Principal 'tickled pink' about new school
© Photo by Melissa Jenkins
Carbonear Academy on Valley Road in the town opened its doors to students this morning.
A construction trailer still sits on the lawn in front of Carbonear Academy, the brand new state-of-the-art school for kindergarten to Grade 8 students in Carbonear. After months of construction, the bang of hammers and hum of heavy equipment has finally come to an end.
When the first few students arrive Sept. 5 for their very first day at Carbonear Academy, they begin to look around, hoping to see a familiar face.
Some parents accompany their children up the winding wheelchair ramp — there are no stairs — from the crosswalk on Valley Road to the sidewalk next to the brand new grey, yellow and blue building.
Swarms of students gather under the bright yellow Carbonear Academy sign at the main entrance, some glancing through the glass-paned doors to see where they will spend the next 10 months. The doors are locked.
Laughter can be heard coming from a group of five girls who have just reunited after the summer break, while several boys moan and groan about having to return to school.
Principal Charlene Walsh-Grimes makes her way to the main entrance from inside the building wearing a bright orange and yellow safety vest. Staff members — Walsh-Grimes included — will be taking turns helping students into the school and off the bus.
She pushes the door open and stands against it, allowing students and parents to flood the vestibule before going through a second set of doors to the main lobby.
And so it begins
The halls that were silent only moments ago are now resonating with voices and alive with activity.
“Grade 2 is down the hall,” a male voice is heard above the crowd. “Grade 6, go straight down and up the stairs.” A man from the school district points to the western hallway.
Although hundreds of children are making their way through the corridor, the atmosphere is far from chaotic. In fact, it is very orderly.

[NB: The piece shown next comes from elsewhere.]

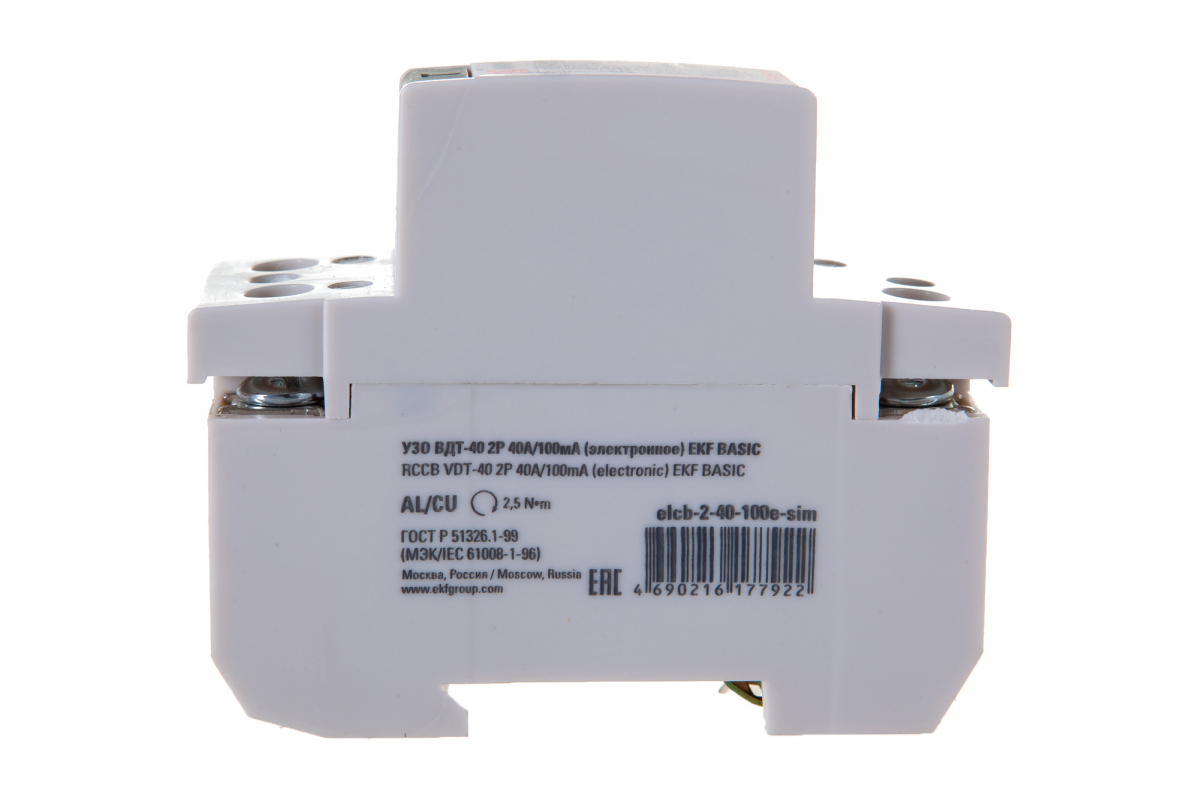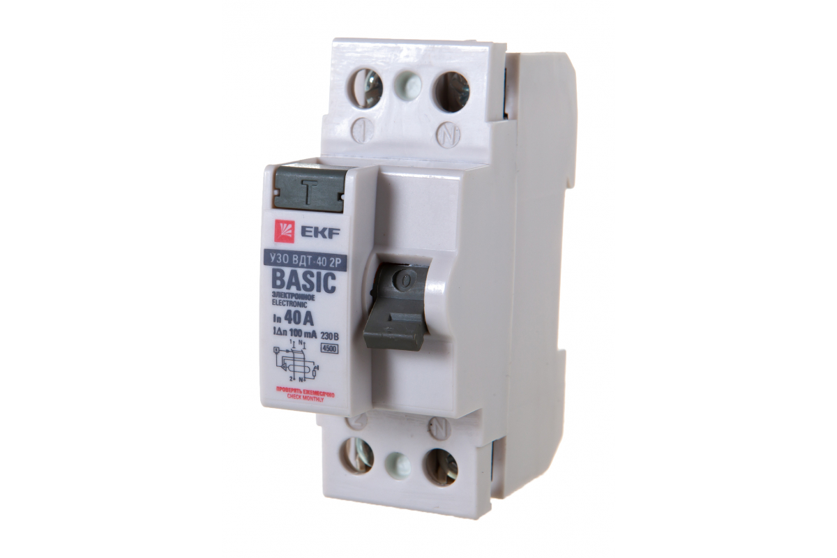 Устройство защитного отключения EKF УЗО ВДТ-40 2P 40А/100мА электронное Basic SQelcb-2-40-100e-sim

“There are usually a few hiccups,” says Walsh-Grimes. “But things are going pretty smoothly. I am tickled pink at the results.”
Many staff members agreed, with a few adding that they will finally get some sleep tonight.
Several parents wait at the entrance directly opposite the main for their children to get off the bus.
“This was her first bus ride,” Janice Baldwin, mother to Grade 1 student Rachel Rodgers, says as she walks her daughter towards her new classroom.
Although some parents were worried about the buses and ensuring their children get home on time, the school helped make it easier.
The teachers put stickers with bus numbers on the students’ backpacks and coats, reminding them to not “lose it,” in hopes the bus run would be smooth after school ends.
After nearly an hour, all students were in their classrooms and parents were on their way out the door.
Parents weigh in
Some parents sat next to the office discussing the transition for their children.
“I have no concerns about the new school, I just hope there is no bullying,” Sheila Roul tells the group.
Three mothers did agree that their children will walk away if a bullying situation presents itself.
Violet Parsons-Pack, a senior education officer for the new school board, does not believe there will be an issue with bullying.
“We have cameras all over the school,” she explains.
Walsh-Grimes also notes students will not be allowed off school property without being signed out by a parent. This includes their lunch break. Students will, however, be allowed to walk home for lunch with the approval of a parent or guardian.
Physical education teacher Zoë Hamilton says the older and younger grades will be staggered for their lunch break, leaving less chance of interaction among them.
The cafeteria is a fair size, but The Compass has learned it is not large enough to hold even half of the school population. Some children will have to eat at their desks, a staff member explains.
“The Grade 8s are only the Grade 5s from a few years ago,” one mother adds. “I don’t think there will be an issue.”
Not quite finished
The town was caught off guard earlier this year when an announcement was made that the school was built with four less classrooms than actually needed.
This project is in progress, but there was no definitive deadline available from the school board Sept. 5.
Besides the addition, most of the school is ready to go, with the exception of the gymnasium.
Green painter’s tape is stuck down on the floor in preparation for painting the lines. School staff members believe it will be completed this weekend.
Until then, physical education and music teacher Trevor Smith says they are lucky to have “an amazing recreation facility across the street.”
“We are working with Rob Button (Carbonear’s recreation director) on different things, including the possibility of implementing a swimming program,” he explains. “It’s a life skill that students could benefit from. “
Although school board officials initially told The Compass on Sept. 3 that work is expected to last several weeks, administration believes the gym could be ready as early as Sept. 8.